Exercise data:
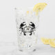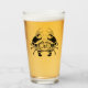 Eine illustrierte Krabbe, die von oben in einem schablonenförmigen Stil gezeichnet wurde. Die Klauen werden geöffnet, die Beine verteilt, und die Oberseite der Muschel ist ein weißer Raum für ein Monogramm.
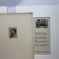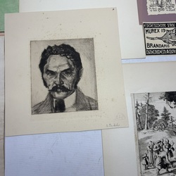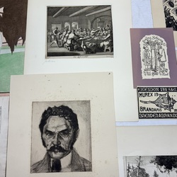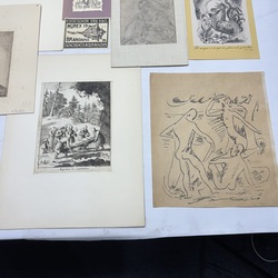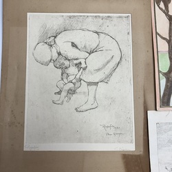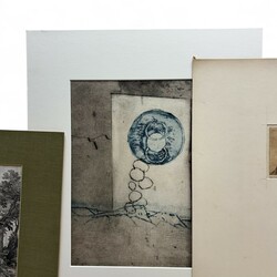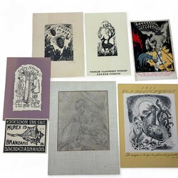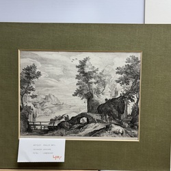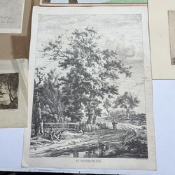 | Omschrijving | Lot diverse grafiek, waaronder een gedicht, oplage van 50 stuks, door Ruurd Elzer (Sneek 1915- Groningen 1995), voor antiquariaat Academia, een kleurenets, vermoedelijk Jan Montyn, titel 'Berge du Mekong', een ets op papier, 'la Précaution', door Armand Rassenfosse (1862-1934), ets, portret van W. Bitter door Dirk Harting (1884-1970), ets 'Rhenen' door Hendrikus Elias Roodenburg (Den Haag 1895 - Wassenaar 1987), enkele stukjes grafiek in opdracht voor Eugene Strens, twee 17e eeuwse etsen, 'Begraven der Laplanders & 'Een liefdemaaltijd' door Jan Luyken, en een 17e eeuwse ets door Paul Bril. |
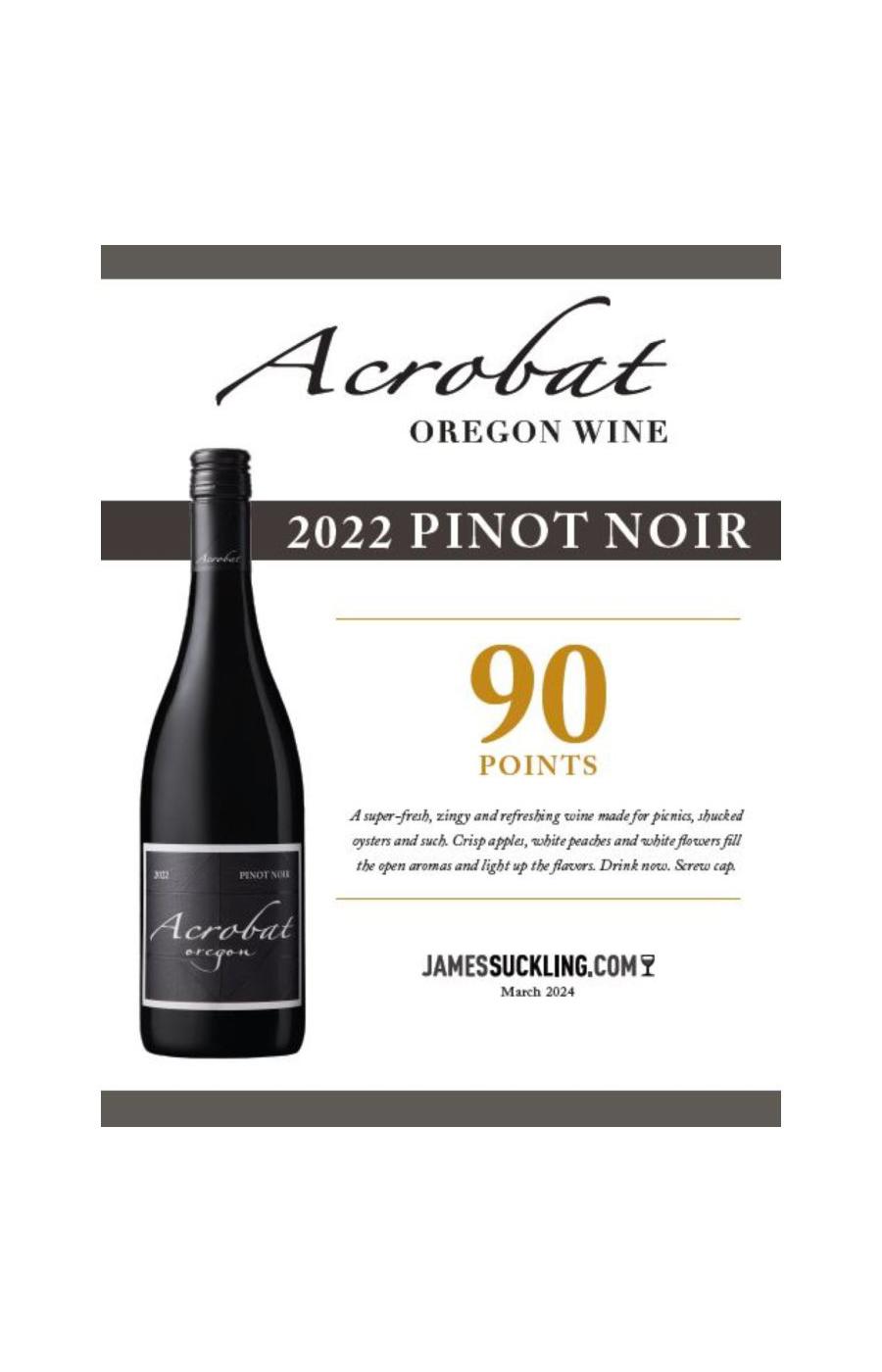 Acrobat is life in balance. Acrobat is style and grace. Acrobat is wine born to introduce people to the drinkability and deliciousness of Pinot Noir. Responsibly grown in the breathtaking hills and valleys of Western Oregon, this wine is excellent with food and equally enjoyable on its own.

Brief: Give the listing above again in its entirety, exactly as written and free of images.

Solution:
 Eine illustrierte Krabbe, die von oben in einem schablonenförmigen Stil gezeichnet wurde. Die Klauen werden geöffnet, die Beine verteilt, und die Oberseite der Muschel ist ein weißer Raum für ein Monogramm.
 | Omschrijving | Lot diverse grafiek, waaronder een gedicht, oplage van 50 stuks, door Ruurd Elzer (Sneek 1915- Groningen 1995), voor antiquariaat Academia, een kleurenets, vermoedelijk Jan Montyn, titel 'Berge du Mekong', een ets op papier, 'la Précaution', door Armand Rassenfosse (1862-1934), ets, portret van W. Bitter door Dirk Harting (1884-1970), ets 'Rhenen' door Hendrikus Elias Roodenburg (Den Haag 1895 - Wassenaar 1987), enkele stukjes grafiek in opdracht voor Eugene Strens, twee 17e eeuwse etsen, 'Begraven der Laplanders & 'Een liefdemaaltijd' door Jan Luyken, en een 17e eeuwse ets door Paul Bril. |
 Acrobat is life in balance. Acrobat is style and grace. Acrobat is wine born to introduce people to the drinkability and deliciousness of Pinot Noir. Responsibly grown in the breathtaking hills and valleys of Western Oregon, this wine is excellent with food and equally enjoyable on its own.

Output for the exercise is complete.